The interaction of mathematical and computational modeling with practical design applications is well known for its early successes in the use and development of linear programming, and its role in logistical planning in the period around World War II. This field has grown in areas of application in the physical sciences, the social sciences, and engineering, and in the statistical analysis of the 2012 US general election by leading journalistic centers. At the same time, the subjects of mathematical modeling, computation, and software design and interfaces have evolved as well. One interesting area in physical science and engineering modeling associated with optimization modeling is its application to space engineering. This book presents a collection of such modeling applied to a wide variety of problems related to design, optimal analysis, computational fluid dynamics (CFD), and issues of optimization of payload and related problems that arise from both manned and unmanned missions by the National Aeronautics and Space Administration’s (NASA’s) International Space Station (ISS) and the European Space Agency (ESA).

The book consists of 16 chapters on applications, software development, and mathematical and numerical methods, beginning with an introductory chapter that reflects the book’s range: “Model Development and Optimization for Space Engineering: Concepts, Tools, Applications, and Perspectives.” Subsequent chapters in the first half explore topics from optimal control theory and applications, collocation methods, the flying of satellites, and software for solving nonlinear programming problems.
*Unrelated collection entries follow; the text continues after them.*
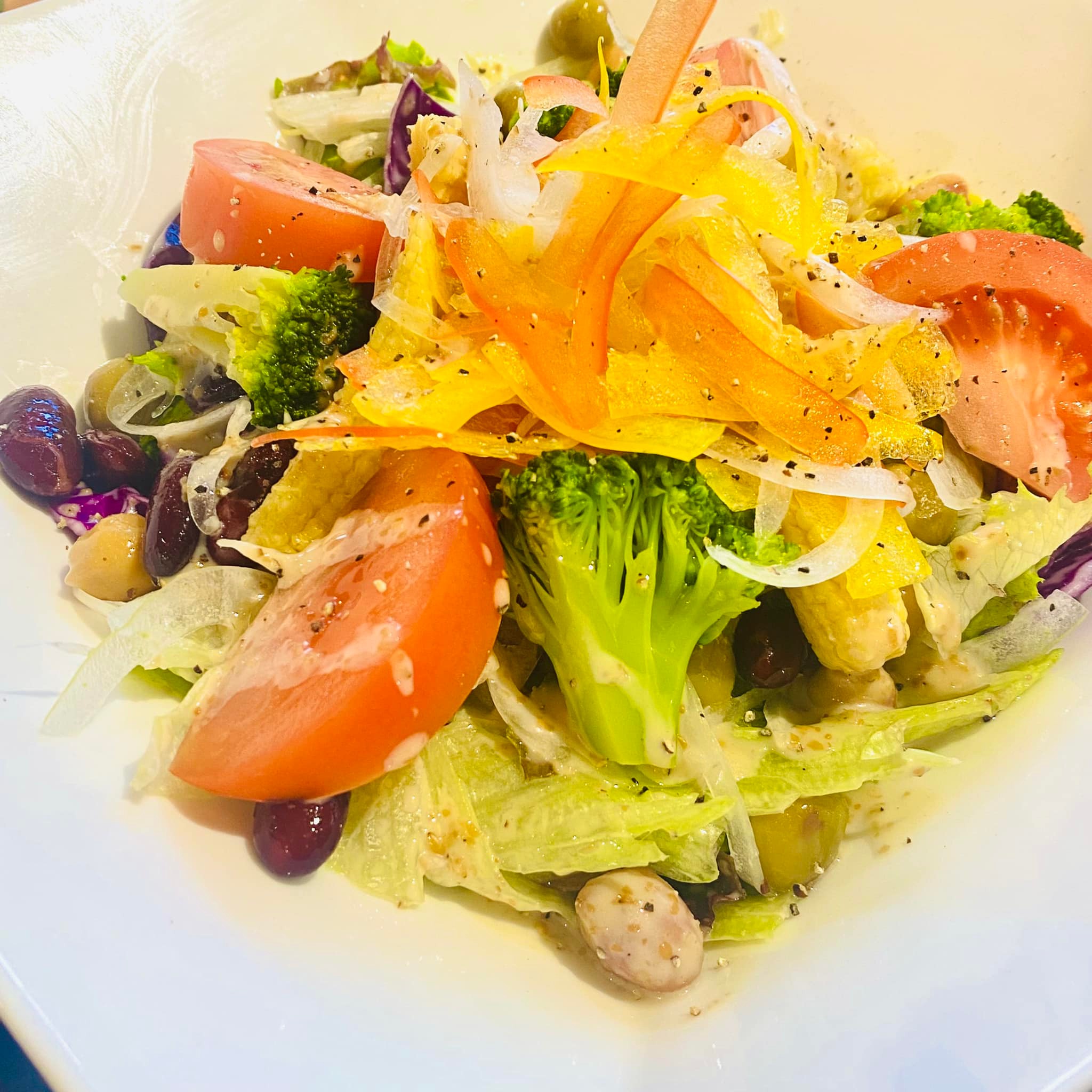 「ヴィーガンサラダ」は大きな深鉢に多種類の野菜がおよそ150g!
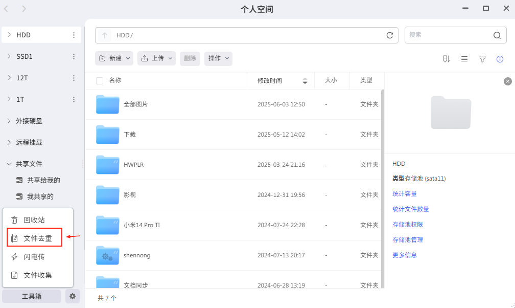 3. 点击文件去重。
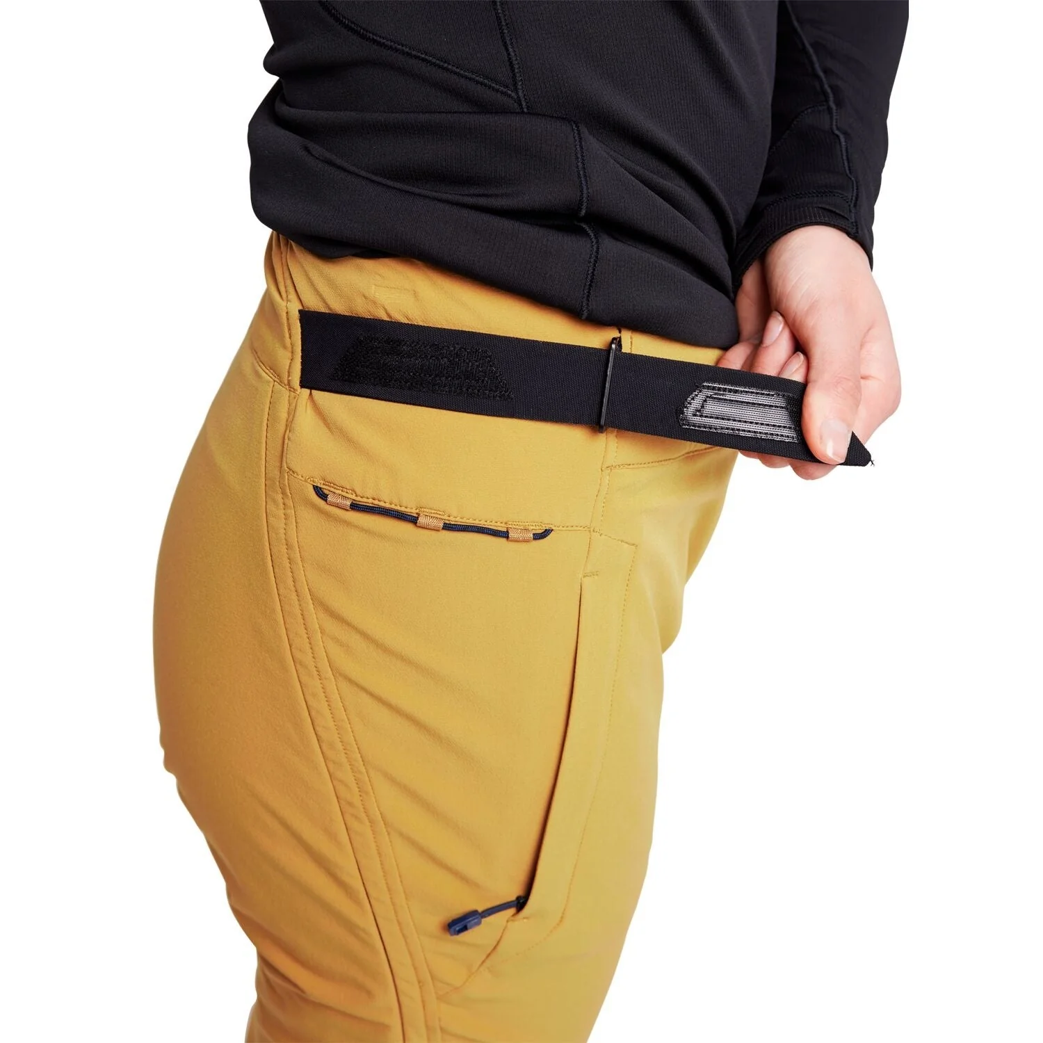 - Waistband with external adjustment and snap closure
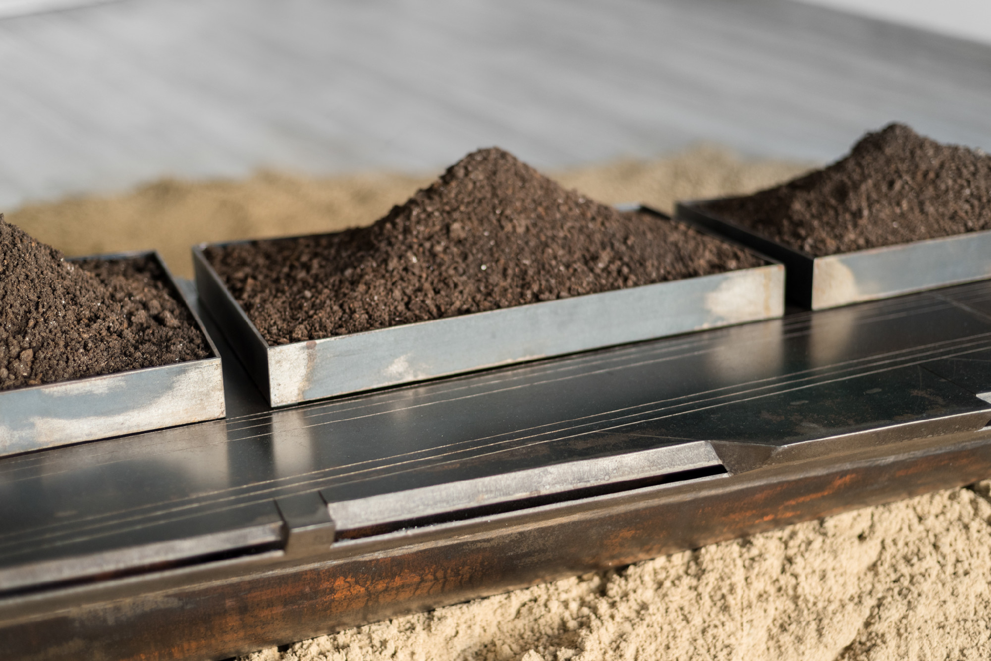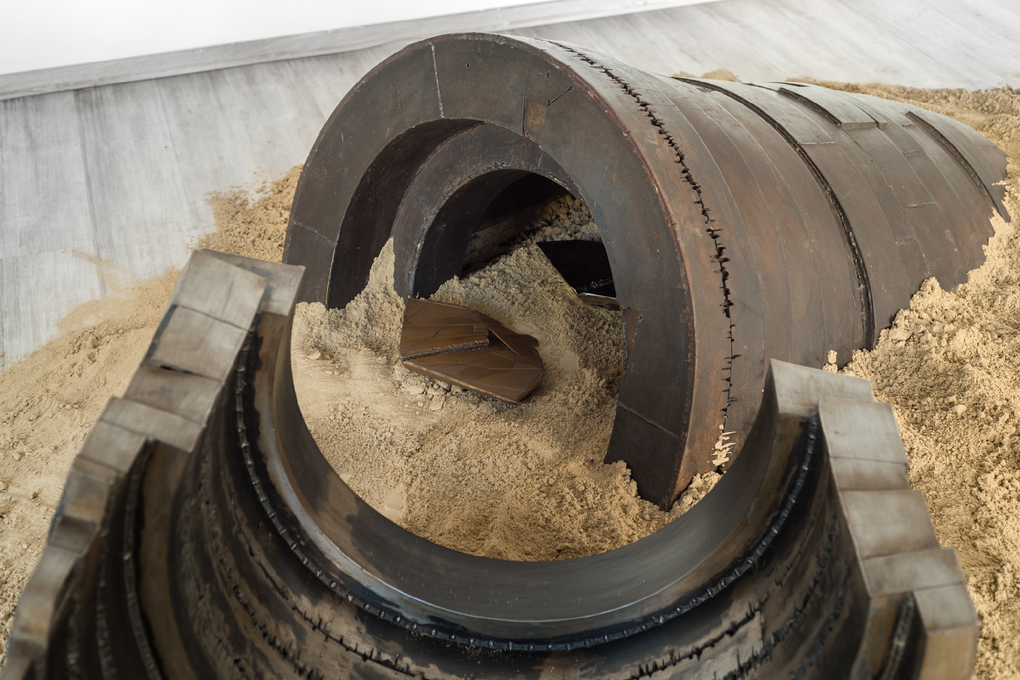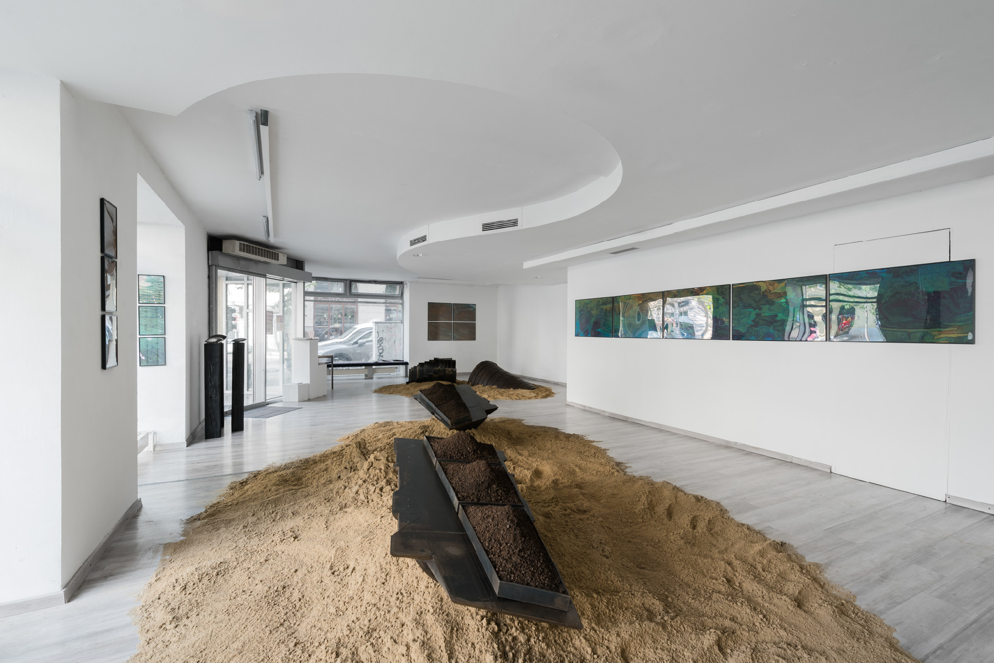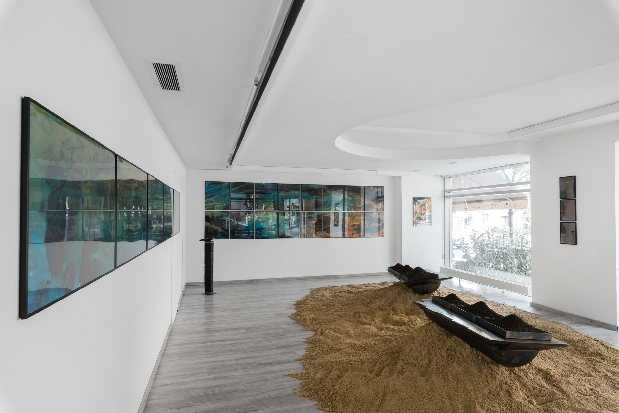 Robusztus, földre helyezett, homokkal körbeölelt, súlyos fémszobrokat falakon látható, könnyed, frízszerűen összeálló akvarellsorozatok egészítenek ki. Két különböző műfajt és anyagminőséget jelenítenek meg Magyari Balázs alkotásai.

The book also addresses the global optimization of applications using differential algebra. The second half deals with more specific applications, including mixed integer linear programming (MILP) modeling for traffic logistics at the ISS, on-board storage optimization, the design of hybrid rocket engines, and the optimization of low-energy transfers.

The book is not without some shortcomings. In particular, the authors use a number of acronyms that are not adequately or consistently explained. This may be in part because the reader is expected to be an engineer and thus familiar with the terminology, or it may be that copyediting was not consistently done across all the chapters.

This book is targeted at practitioners of mathematical and computational optimization methods and/or engineering applications. In this respect, the book provides a state-of-the-art contribution that covers its topics well.